Margaret Anne Sinclair, PCC (29 March 1900 – 24 November 1925) also known as Sister Mary Francis of the Five Wounds, was a Scottish Catholic nun, a member of the Colettine Poor Clares. She was declared "Venerable" by Pope Paul VI on 6 February 1978.

Life

Margaret Sinclair was baptised at St Patrick's Church on 11 April, 1900. On 8 May 1910, she was confirmed in St Patrick's Church, Edinburgh and received the Eucharist for the first time.

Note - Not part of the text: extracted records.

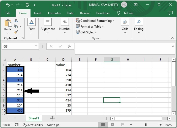然後選擇要應用格式的單元格範圍。您可能已經觀察到,應用於新值的格式與舊格式相同。因此,我們需要更改引用以使其準確。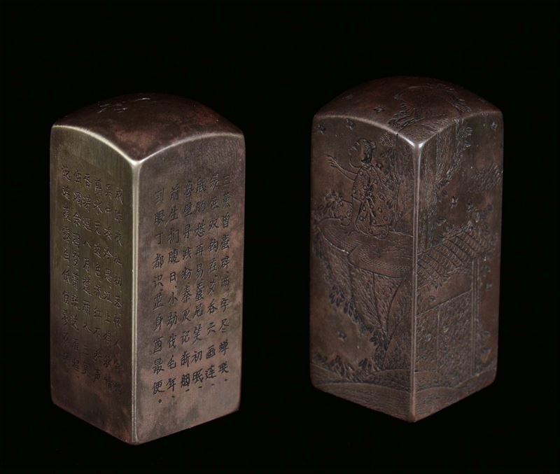 sui lati decorati con ideogrammi, cm 3x3x7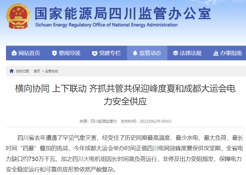 四川能源监管办官网消息,四川省去年遭遇了罕见气象灾害,经受住了历史同期最高温度、最少水电、最大负荷、最长时间“四最”叠加的挑战,今年成都大运会举办时间正值四川电网迎峰度夏保供攻坚期,全省电力缺口约750万千瓦,加之四川火电机组因长时间高负荷运行,非停及出力受阻频发,保障电力安全稳定运行和可靠供应形势依然严峻复杂。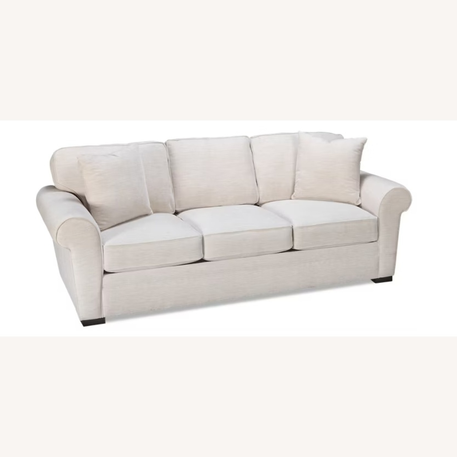 The Jonathan Louis Choices 3 Seat Sofa brings home a regal, luxurious and inviting flair. Showcasing sink-in style box seat cushions and supportive back, this home furniture comes with rolled arms for a classic look. Sturdy block feet complete this transitional-style sofa that includes two toss pillows for added comfort and style. Custom-order fabrics are available.
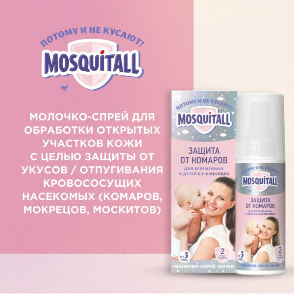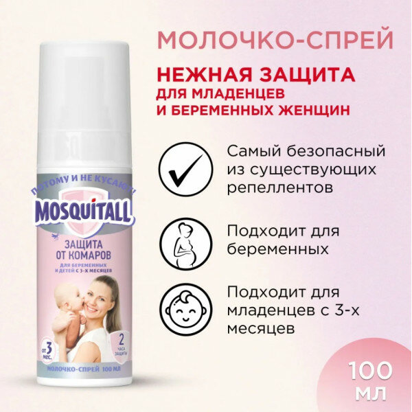 Молочко-спрей от комаров Mosquitall "Нежная защита для младенцев от 3 мес. и беременных" 100 мл - УНИКАЛЬНЫЙ продукт, подходит для младенцев от 3-х месяцев и беременным женщинам. Молочко-спрей надежно защитит Вашего малыша от укусов комаров, мошек, мокрецов и москитов во время прогулок. В состав средства входит IR3535 10% – действующее вещество нового поколения, самый безопасный из существующих репеллентов. Он является производным природной аминокислоты b-аланина и относится к БИО-репеллентам, не обладает запахом и не оставляет ощущения липкости на коже. Молочко-спрей 2 в 1 не только эффективно отпугивает комаров, но смягчает и увлажняет нежную кожу ребенка, а также снимает неприятные ощущения и зуд после укусов, способствует исчезновению покраснений, вызванных укусами насекомых.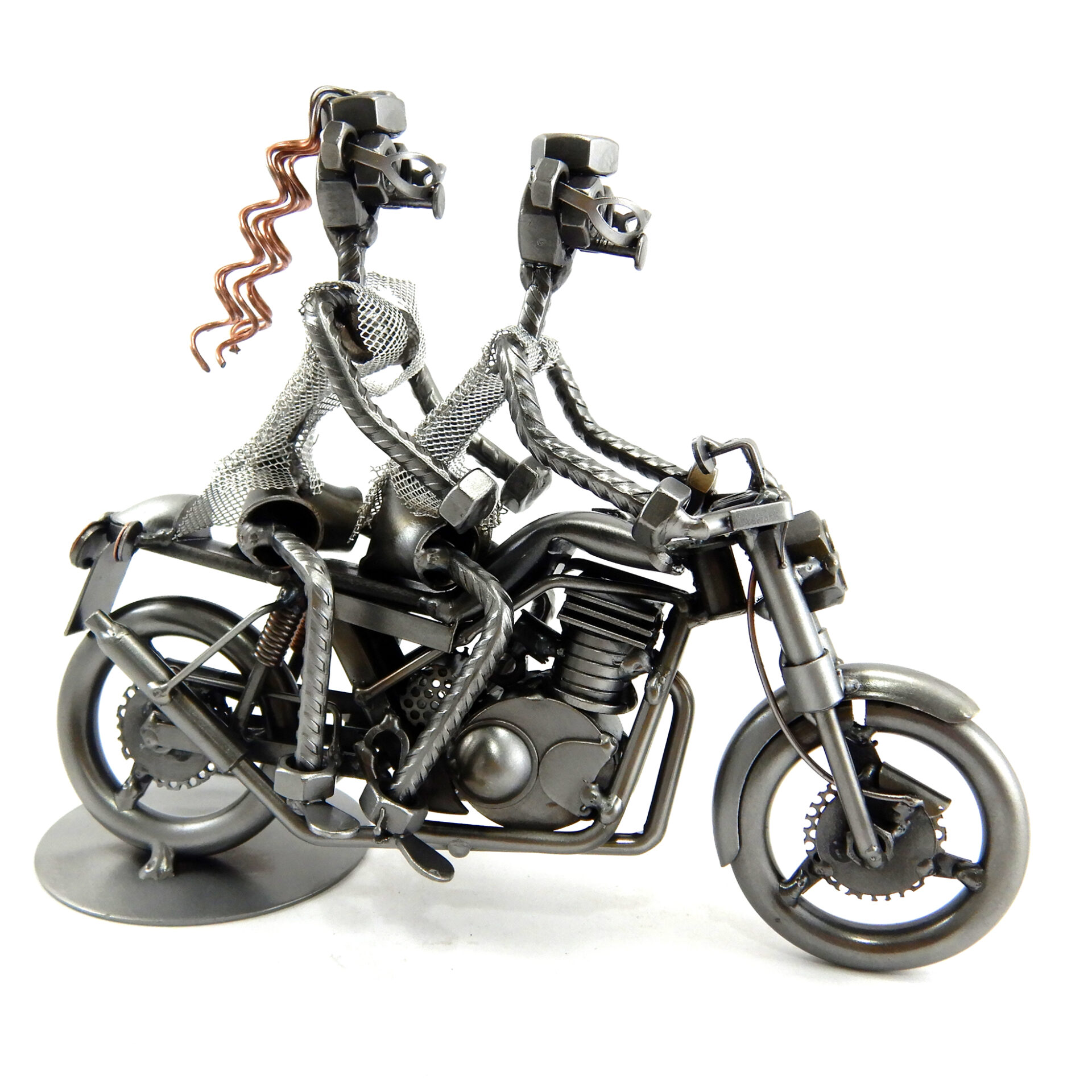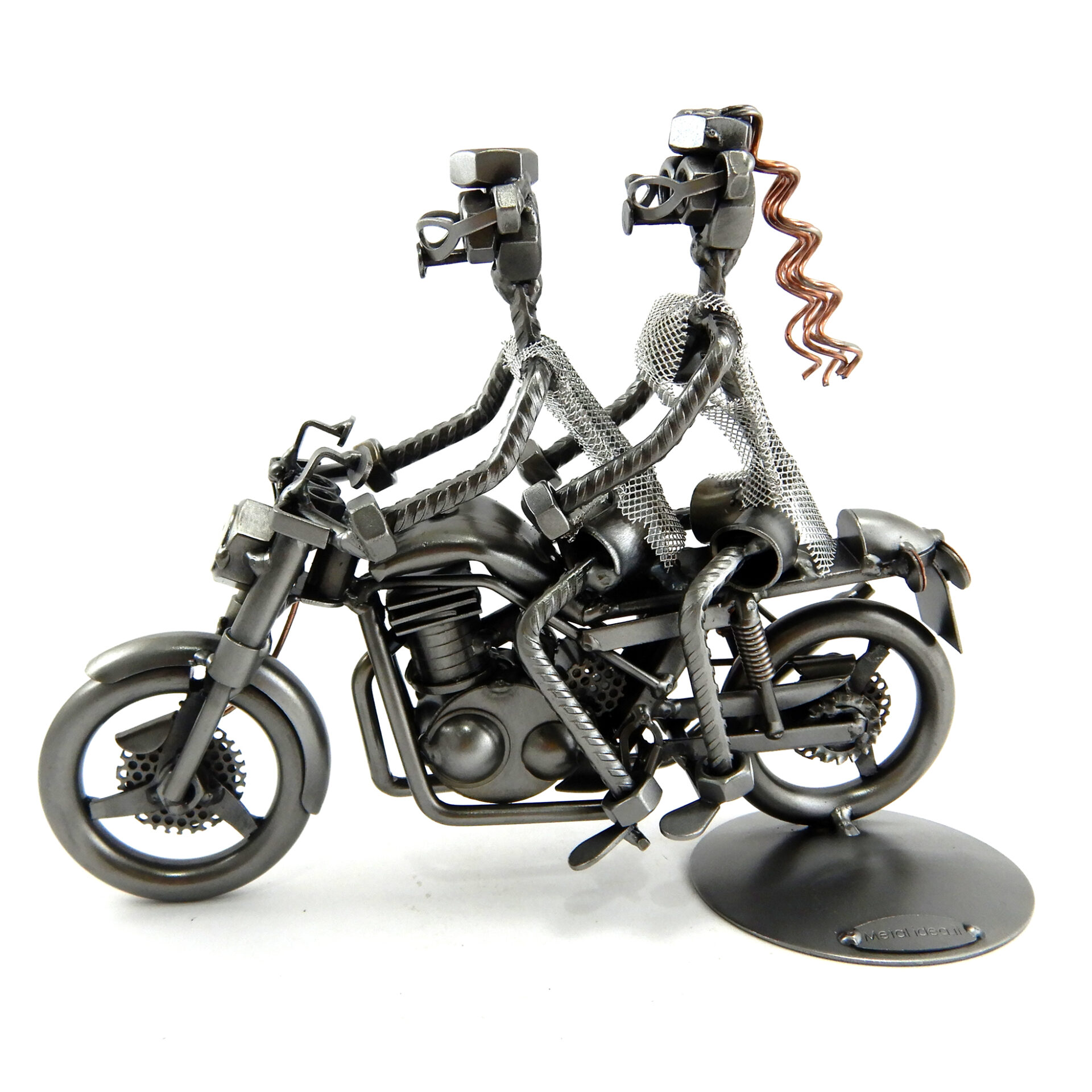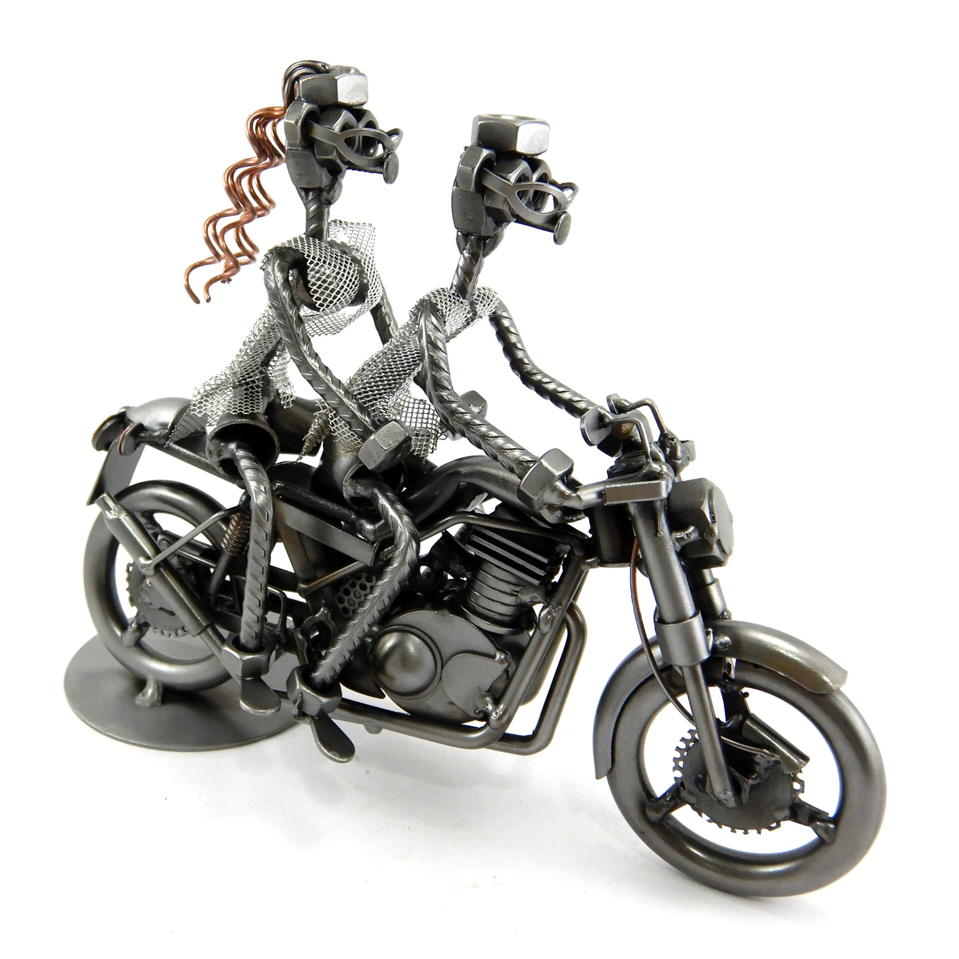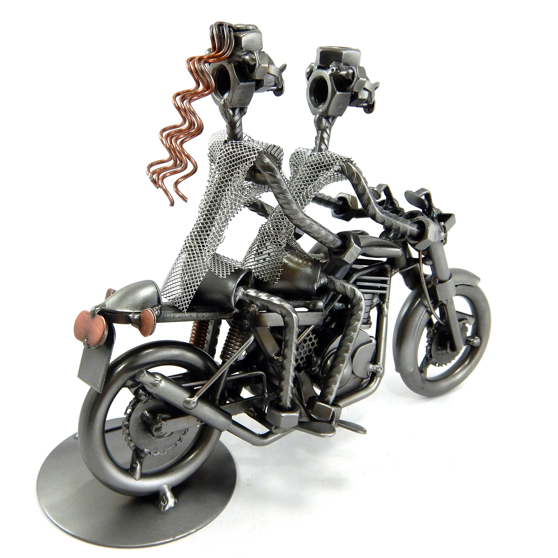SCULTURA IN METALLO ARTIGIANALE RAFFIGURANTE COPPIA SU MOTO DA CORSA, disponibile anche nella versione con solo l’uomo oppure su richiesta anche con sposi.

Both her older brother John and her father served in World War I. Sinclair left school at the age of fourteen and, from 1914 to 1918, worked full-time at Waverley Cabinet Works as an apprentice French polisher, and became an active member of her trade union.

The Scottish economy had been heavily dependent upon the war; a depression followed the end of the Great War. Many activities necessary for the war economy, such as arms production and ship construction, no longer played a major role in the Scottish Economy; the skills required to undertake these tasks were not easily transferable to the civilian economy. Margaret was unemployed, and by 1918 the Waverley Cabinet Works had shut its doors. She would later find work in a biscuit factory run by McVitie.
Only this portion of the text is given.